Charlie St Cloud review- live, let go and hope

By Loong Wai Ting

AT a recent roundtable discussion with my fellow team mates on Zac Efron’s up and coming hit Charlie St. Cloud, most of them gave comments like “That boy can act?” or “Zac, who?”

Oh well, one thing for sure, Efron is no Saint…yet. But he’s getting there considering he has “moved on” from his debut characters in High School Musical. His performance in Charlie St. Cloud is one of his best by far –as he breezes through the emotional scenes almost effortlessly and here, he tackles one of the toughest roles eminently better than High School Musical.

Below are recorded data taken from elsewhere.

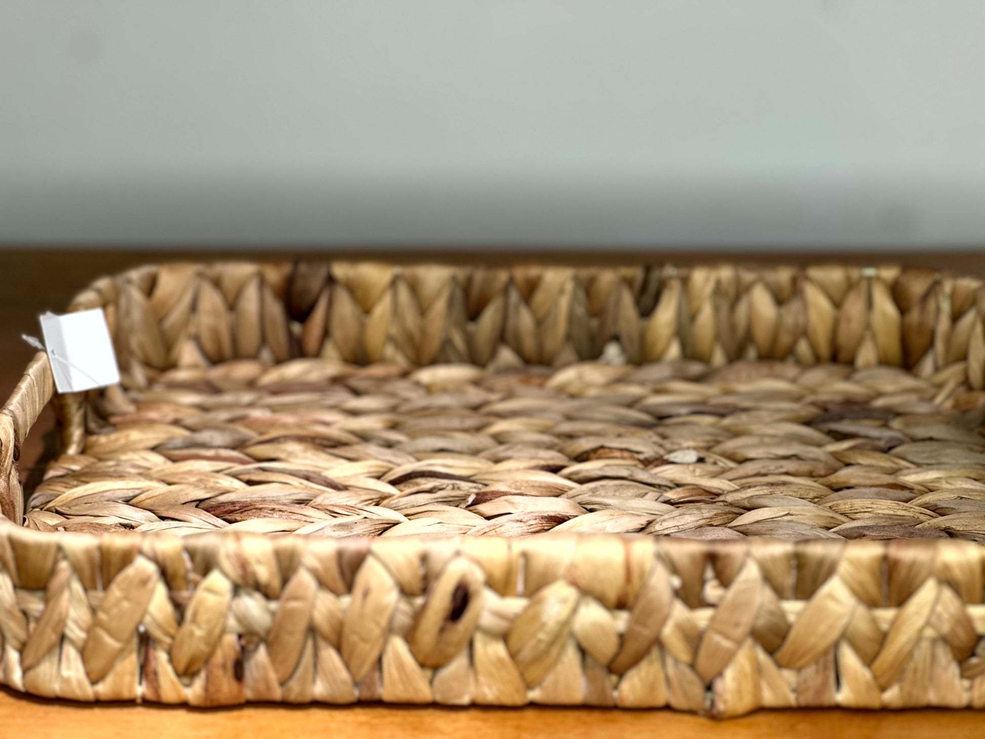 Su trenzado firme y textura artesanal la convierten en una bandeja funcional y decorativa a la vez.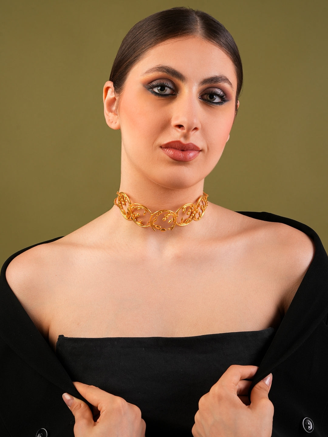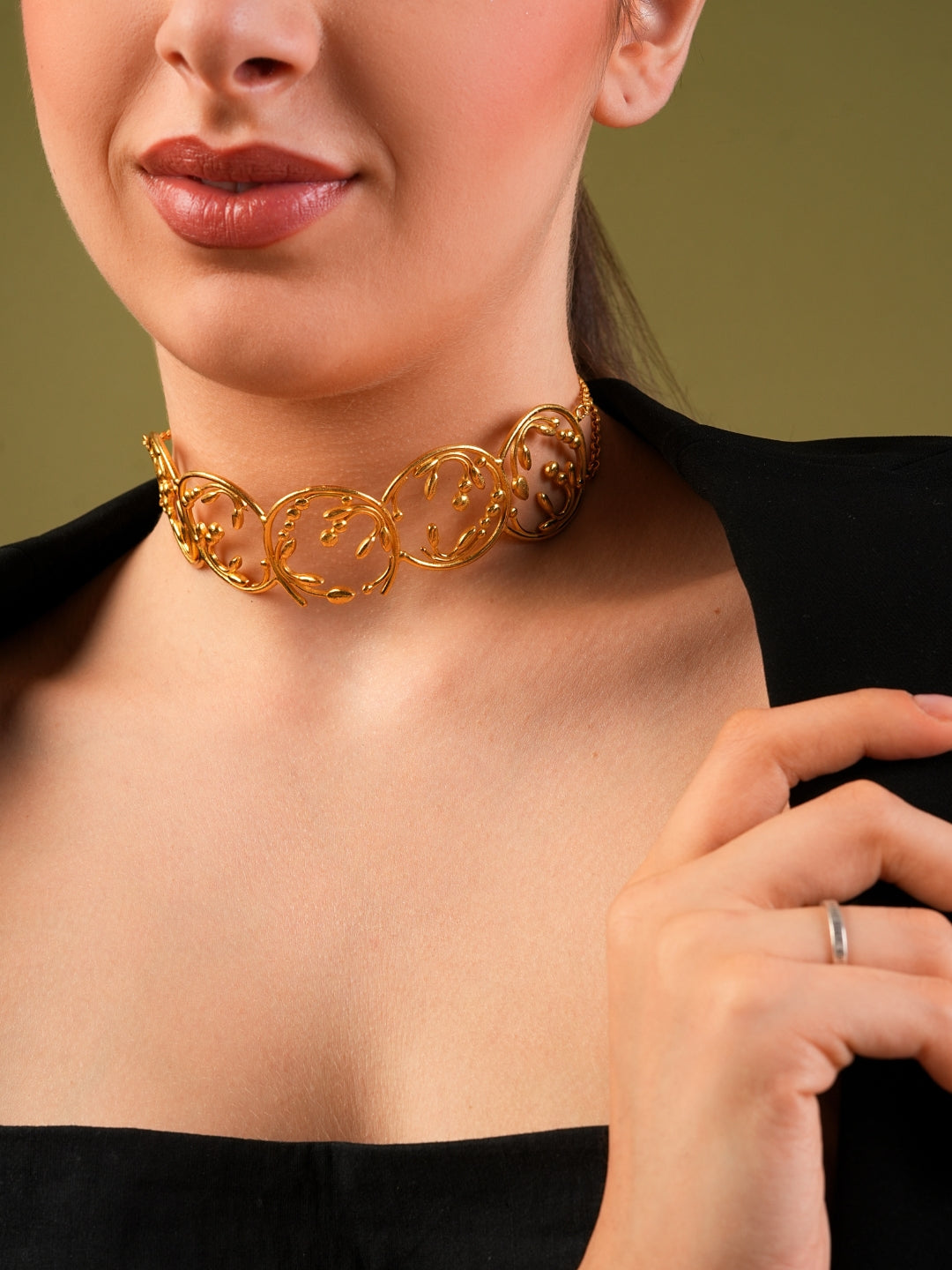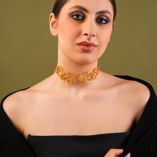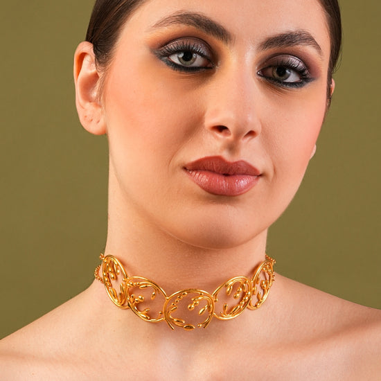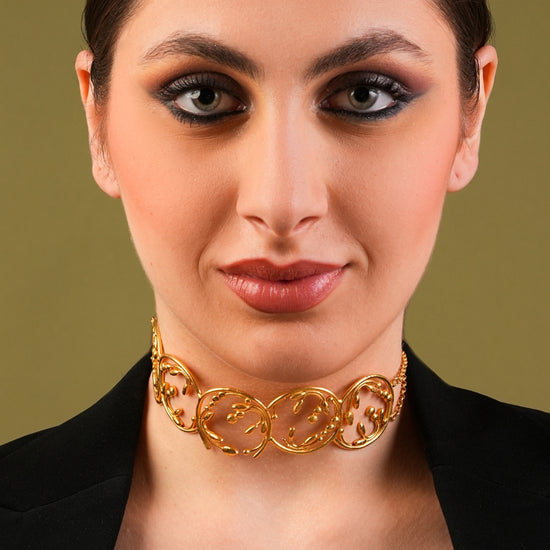 Inspired by the wild grace of nature, the Taraash Choker features delicately sculpted botanical motifs framed within a series of openwork circles. Crafted from premium brass alloy and finished in rich gold, this statement piece weaves together modern artistry with a touch of earthy elegance. Lightweight and adjustable, it's perfect for weddings, festive occasions, or adding a hint of regal charm to your everyday ensemble.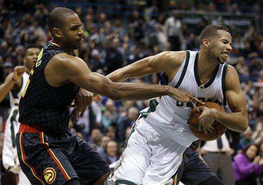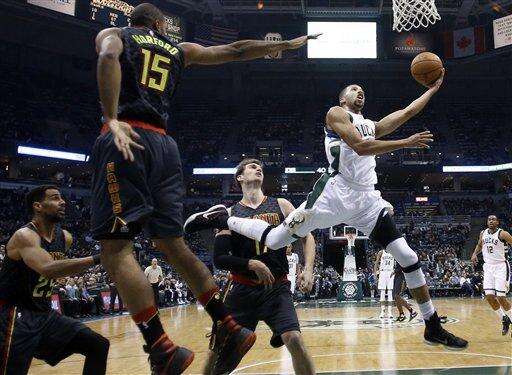 Khris Middleton scored 26 points and Greg Monroe and Michael Carter-Williams added 15 points apiece for the Bucks, who won the first matchup between the teams this season. Carter-Williams also blocked Jeff Teague's shot at the horn, sending the game into overtime.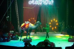 Vor der Pause präsentiert Wesley Huesca einen neu formierten Exotenzug mit Tieren aus vier Kontinenten, wie die Ansage aus dem Off verlauten lässt. Zunächst laufen fünf junge, noch nicht ausgewachsene Dromedare ihre vielfältigen Figuren während die Sänger den BoneyM-Hit „Rivers of Babylon“ intonieren. Noch ist der Ablauf ein wenig langsam, jedoch absolut sicher und fehlerfrei. Bald ergänzen ein Kamel und ein Zebu sowie zwei Lamas die Formation. Drei mit Stoffaffen berittene Ponys bieten zur großen Freude der kleinen Besucher das Da Capo.

First of all, Charlie St. Cloud isn’t the name of some exotic, fancy island off the coast of the Bahamas. Based on the critically-acclaimed novel (The Death and Life of Charlie St. Cloud) by Ben Sherwood, the movie is about how Charlie (Zac Efron) was given a second chance in life to amend the things in his life after the untimely death of his younger brother, Sam (Charlie Tahan).

Not being able to let go, Charlie conceded his dreams for a bright future ahead and stays limbo where him and his brother meet every day for games and fun.

Five years later, he meets with former classmate, Tess (Amanda Crew) and then falls for her causing him to choose between coming to terms with the death of his brother or moving forward with his relationship with Tess.

Charlie St. Cloud explores the many life concerns –like learning how to let go and hope. The definition for love has an abundant of meanings, and one of them being brotherly love.

That’s exactly what director Burr Steers (17 Again) wants you feel and if you were given the chance, experience. The ‘blood-is-thicker-than-water’ tale is both heavy and heartbreaking. It’s like another version of Rodrigo Garcia’s Passenger. The only thing is; the film is creamed thickly with everything American, like baseball, enlisting in the army right after high school and seeing friends perished in the Iraq war and receiving guests from beyond the grave.

The movie is uplifting and but it has its bittersweet moments. Although the supernatural element can be seen throughout the movie, it serves more as a metaphor than horror. No doubt, the movie is targeted towards viewers in their teens to the young adults who would personally prefer tear-jerking romance over hair-raising scares.

Nevertheless, Charlie St. Cloud is honest enough to win the attention of the last few sceptical audiences. Give this a go if you like melodramatic situation in comparison to less serious with ever so predictable happy endings –and of course, Zac Efron.